Selain faktor biologis, pola aktivitas anak yang sering bermain di luar ruangan meningkatkan risiko gigitan nyamuk. Dr. Ohri menekankan bahwa keterlambatan penanganan sering terjadi karena orang tua kerap menganggap gejala awal—seperti demam, lemas, dan muntah—sebagai infeksi virus biasa. Kesalahpahaman ini menyebabkan banyak orang tua memilih untuk mengobati anak secara mandiri alih-alih mencari bantuan medis profesional.

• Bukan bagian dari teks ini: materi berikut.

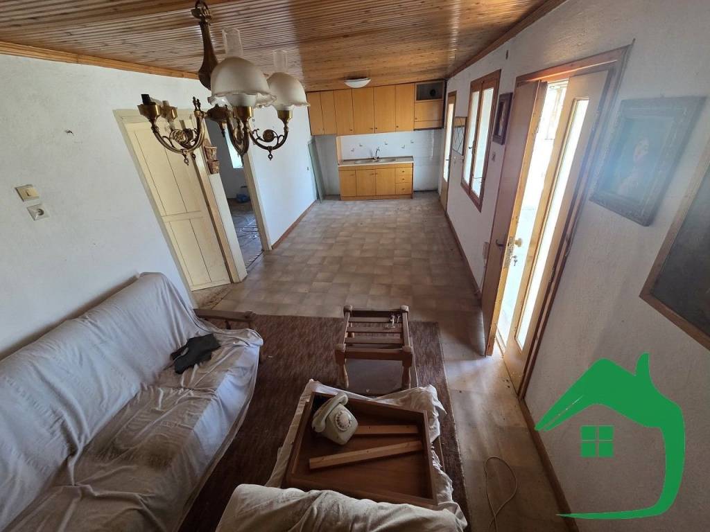 SOSANDRA, N/A 128 sq.m. in 1.344 sq.m. plot, 2 levels, 1st floor, at residential area, year of construction 1942, chrizei episkeyon, with view anoichtosia, 2 b/r, living room, bathroom, kitchen, double-sided, front facing, bright, corner, heating choris thermansi, with energy class I, with floor type n/a, with xylina joinery, single glass pane, veranda, garden, open garage, price 40.000€, code 1355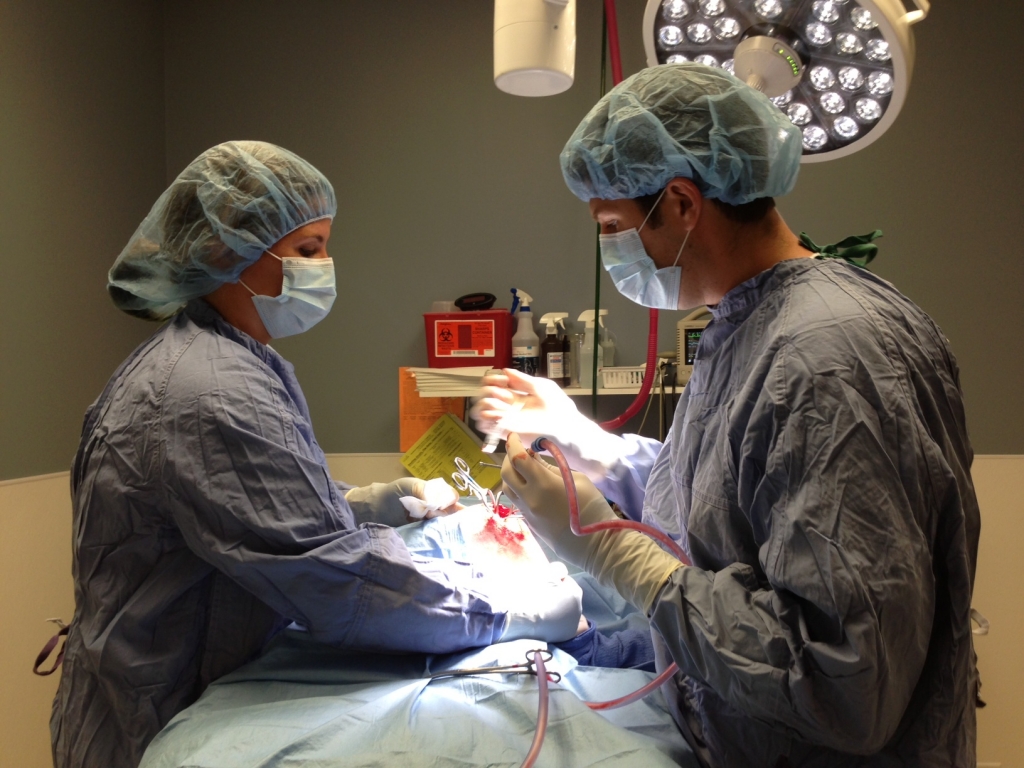 All pets are intubated with a breathing tube in their windpipe. This allows us to maintain their airway and deliver anesthetic gas and oxygen. All pets are hooked up to surgical monitors monitoring their heart rate, blood oxygenation levels, EKG, blood pressure and respirations. In addition to the “gadgets” we have a dedicated veterinary technician monitoring your pet’s vital signs. All surgeries include balanced pain management before and during surgery, as well as after. All surgeries have IV catheters placed to have vascular access and to deliver fluids. This keeps your pet hydrated and helps keep their blood pressure normal. All surgical instruments and drapes are sterile and new ones are used for each surgery. Our standards and surgical equipment are the best available.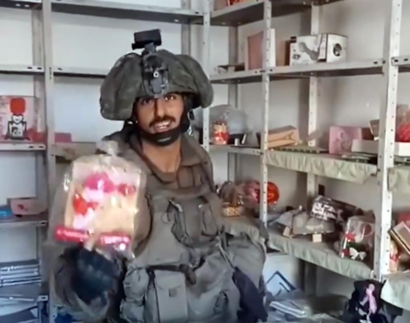 Gazze'yi yerle bir eden İsrail ordusuna mensup bir asker, girdiği dükkanda ortalığı birbirine kattı. İsrailli asker, eline aldığı ne varsa yere fırlattı.
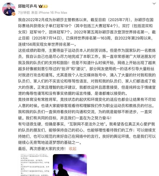 第一顶,叫“元气心灵分派不公”。意旨风趣是邱贻可偏心眼,把心想齐花在考研蒯曼这块璞玉上了,荒原了莎莎。这脑回路,清奇得让东谈主誉络续口。我就麻烦了,一个火头,用消除口锅炒出了两谈国宴级名菜,你们不去夸他火候掌持得妙,反而揪着他问“你炒第二谈菜的时期是不是偷吃了第一起的配料?” 孙颖莎和蒯曼,一个右手一个左手,时间基础底细、躯壳要求能相同?邱贻可干的,是给莎莎这把“绝世好剑”开最横蛮的刃,给蒯曼这块“奇石”找到最惊艳的雕镂面。这叫因材施教,是教悔才气的巅峰体现。到了有些“懂王”粉丝眼里,成了零和游戏,成了“移东补西”。合着在你们那,一个教悔就只可盯一个东谈主,其他队员该死自生自灭?那国度队要那么多教悔干嘛,一东谈主配一个私教得了。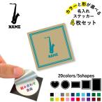サックス 名入れ文字入れステッカー4枚セット カラー 円 ハート 正方形 長方形 シール 多目的シール 吹奏楽 楽器 オーケストラ
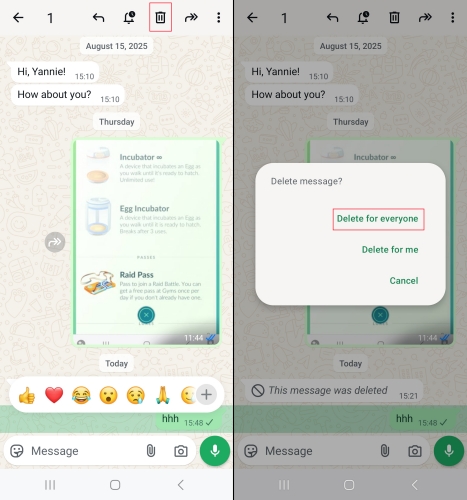 如果您發送了錯誤的文本、照片或語音留言,最好的選擇是“為所有人刪除”,它可以幫助您撤回已發送的消息。但是,當您使用“為每個人刪除”時,需要考慮一些重要事項。

Para ahli menegaskan bahwa deteksi dini adalah kunci penyelamat nyawa. Orang tua diimbau untuk tidak mengabaikan gejala-gejala awal dan segera melakukan pemeriksaan medis. Upaya pencegahan, seperti penggunaan kelambu berinsektisida dan pengendalian sarang nyamuk, tetap menjadi langkah preventif paling efektif untuk melindungi anak dari bahaya malaria yang mengancam jiwa.